🤖 AI Summary
This work addresses the fundamental trade-off in sparse Mixture-of-Experts (MoE) models between load balancing and expert specialization, which often leads to routing collapse or diminished expert diversity. The authors propose Hi-MoE, a novel framework that decomposes routing into two coupled hierarchical levels: inter-group routing ensures balanced token distribution across expert groups, while intra-group routing fosters complementary expert specialization and prevents collapse. This principled redesign of router behavior consistently outperforms existing sparse routing and grouped MoE approaches across both NLP and vision benchmarks.
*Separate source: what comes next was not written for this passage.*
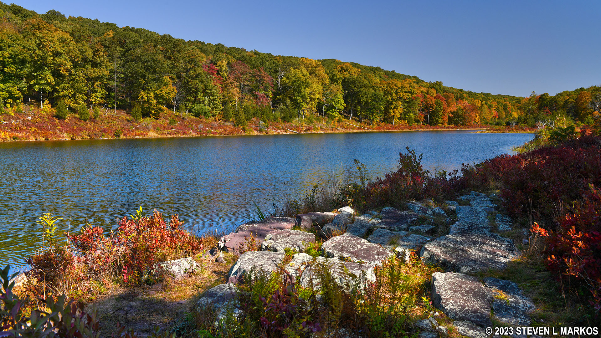 Typical terrain along the Inner Blue Mountain Lake Trail as it follows the lake’s northern shore, Delaware Water Gap National Recreation Area

In a 58B-token pretraining setting, Hi-MoE-7B achieves a 5.6% lower perplexity and 40% improved expert balance compared to OLMoE-7B.
📝 Abstract
Sparse Mixture-of-Experts (MoE) models scale capacity by routing each token to a small subset of experts. However, their routers exhibit a fundamental trade-off: strong load balancing can suppress expert specialization, while aggressive diversity often causes routing collapse. We propose Hi-MoE, a grouped MoE framework that decomposes routing control into two coupled levels: (i) inter-group balancing that enforces fair traffic across expert groups, and (ii) intra-group specialization that promotes complementary expert behaviors while preventing within-group collapse. Our analysis provides a principled explanation of how our hierarchical objectives reshape the router, thereby promoting stable specialization and mitigating collapse. We observe consistent improvements over recent sparse-routing and grouped-MoE baselines across NLP and vision benchmarks, and confirm robustness via scaling studies (model size, expert count) and targeted ablations. In large-scale pre-training on 58B tokens, Hi-MoE-7B achieves a 5.6% perplexity reduction and a 40% improvement in expert balance over OLMoE-7B across diverse evaluation domains.